→ Problem to work on: Scan the listing below for the word "Penyemprotan" and copy every line that has it.

→ Extracted information:

++++++++++

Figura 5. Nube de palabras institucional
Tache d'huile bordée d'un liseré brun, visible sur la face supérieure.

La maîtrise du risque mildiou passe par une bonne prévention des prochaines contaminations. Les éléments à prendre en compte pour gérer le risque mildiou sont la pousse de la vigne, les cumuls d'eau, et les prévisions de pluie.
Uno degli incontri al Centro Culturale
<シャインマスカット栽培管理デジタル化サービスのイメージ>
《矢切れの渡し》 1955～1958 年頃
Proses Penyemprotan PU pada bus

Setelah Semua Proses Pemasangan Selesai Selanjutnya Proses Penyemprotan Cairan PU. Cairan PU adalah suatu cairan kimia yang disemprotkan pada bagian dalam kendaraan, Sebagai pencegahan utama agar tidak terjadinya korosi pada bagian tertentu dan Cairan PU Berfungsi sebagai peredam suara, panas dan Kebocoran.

++++++++++

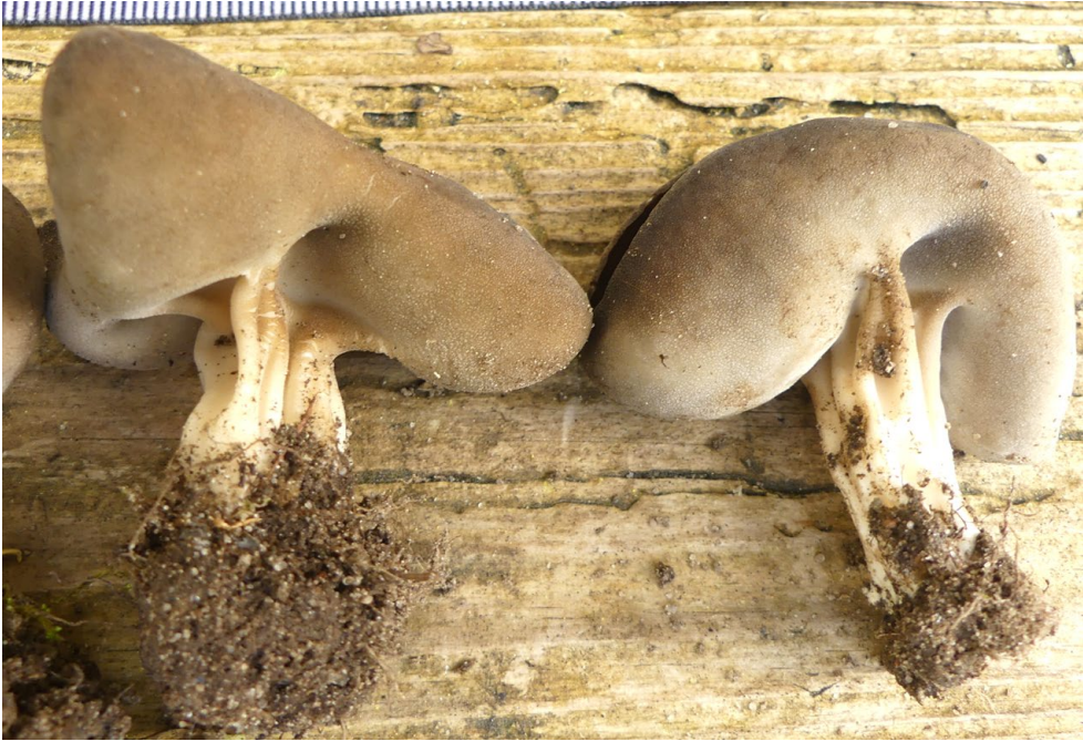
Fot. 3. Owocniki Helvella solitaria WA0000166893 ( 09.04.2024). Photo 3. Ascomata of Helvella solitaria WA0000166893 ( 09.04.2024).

++++++++++

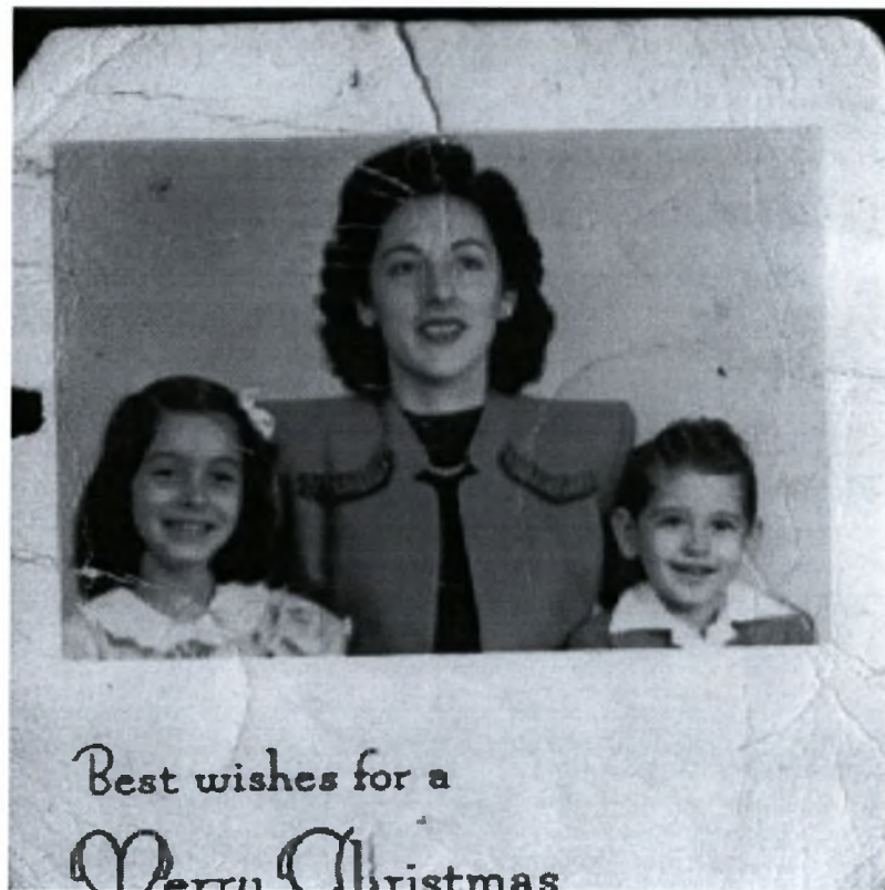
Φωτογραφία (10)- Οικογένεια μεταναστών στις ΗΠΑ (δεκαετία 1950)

++++++++++

→ Exercise solution:
Proses Penyemprotan PU pada bus
Setelah Semua Proses Pemasangan Selesai Selanjutnya Proses Penyemprotan Cairan PU. Cairan PU adalah suatu cairan kimia yang disemprotkan pada bagian dalam kendaraan, Sebagai pencegahan utama agar tidak terjadinya korosi pada bagian tertentu dan Cairan PU Berfungsi sebagai peredam suara, panas dan Kebocoran.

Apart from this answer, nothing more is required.